## YOUR TASK
Your task is to give the listing below back word for word, pictures excluded.

::::::

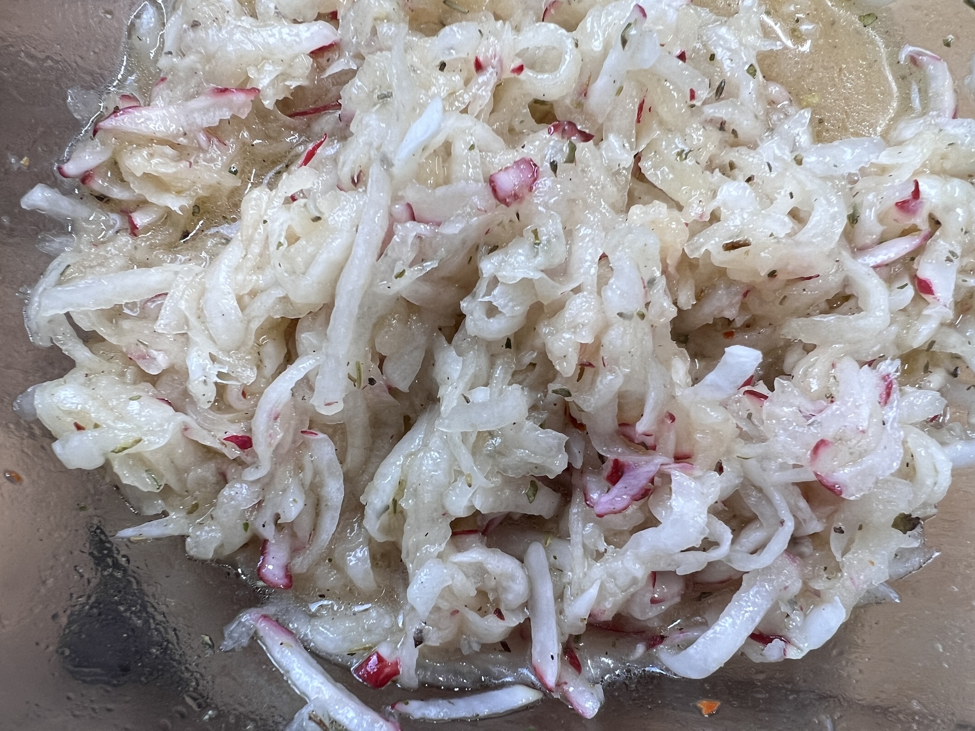 – In einer großen Schüssel die Rettich- und Radieschenscheiben mit den roten Zwiebelringen vermengen.
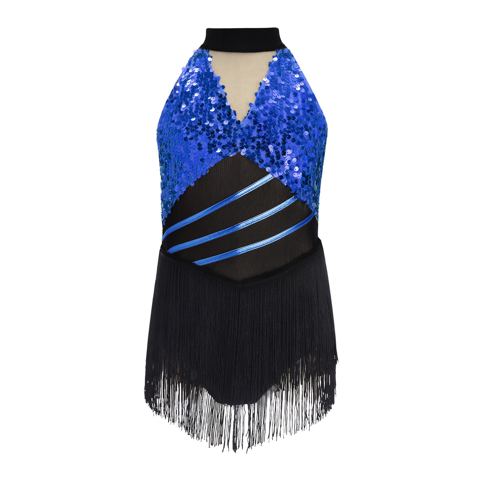 как выглядит US Kids Girl Sequin Tassel Dress Metallic Dance Dress Sleeveless Fringe Bodysuit фото
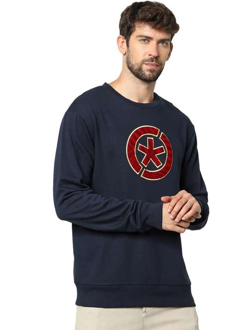 - » navy blue printed sweatshirt
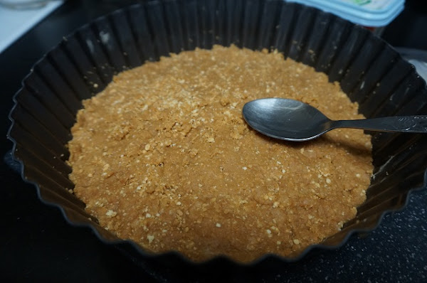 Iremos poniendo galletas formando la base de la tarta y con la ayuda de una cuchara o un baso, apretamos para que quede bien firme la base. Lo meteremos en la nevera.
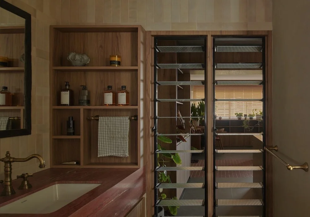 Rather than treating plants as ornaments, L Architects set out to make greenery part of everyday movement and routine. They distilled the idea into something I find profoundly Singaporean: an interior that borrows the spatial logic of a park. In public parks across the city, there is a memorable detail that often goes unnoticed — the double-bullnose brick. Once ubiquitous around benches, planter edges and walkways, these rounded bricks carry a softness and a history that modern materials tend to erase. Reintroducing that brick within a domestic interior feels like an act of cultural archaeology.

::::::

## EXERCISE RESULT
 – In einer großen Schüssel die Rettich- und Radieschenscheiben mit den roten Zwiebelringen vermengen.
 как выглядит US Kids Girl Sequin Tassel Dress Metallic Dance Dress Sleeveless Fringe Bodysuit фото
 - » navy blue printed sweatshirt
 Iremos poniendo galletas formando la base de la tarta y con la ayuda de una cuchara o un baso, apretamos para que quede bien firme la base. Lo meteremos en la nevera.
 Rather than treating plants as ornaments, L Architects set out to make greenery part of everyday movement and routine. They distilled the idea into something I find profoundly Singaporean: an interior that borrows the spatial logic of a park. In public parks across the city, there is a memorable detail that often goes unnoticed — the double-bullnose brick. Once ubiquitous around benches, planter edges and walkways, these rounded bricks carry a softness and a history that modern materials tend to erase. Reintroducing that brick within a domestic interior feels like an act of cultural archaeology.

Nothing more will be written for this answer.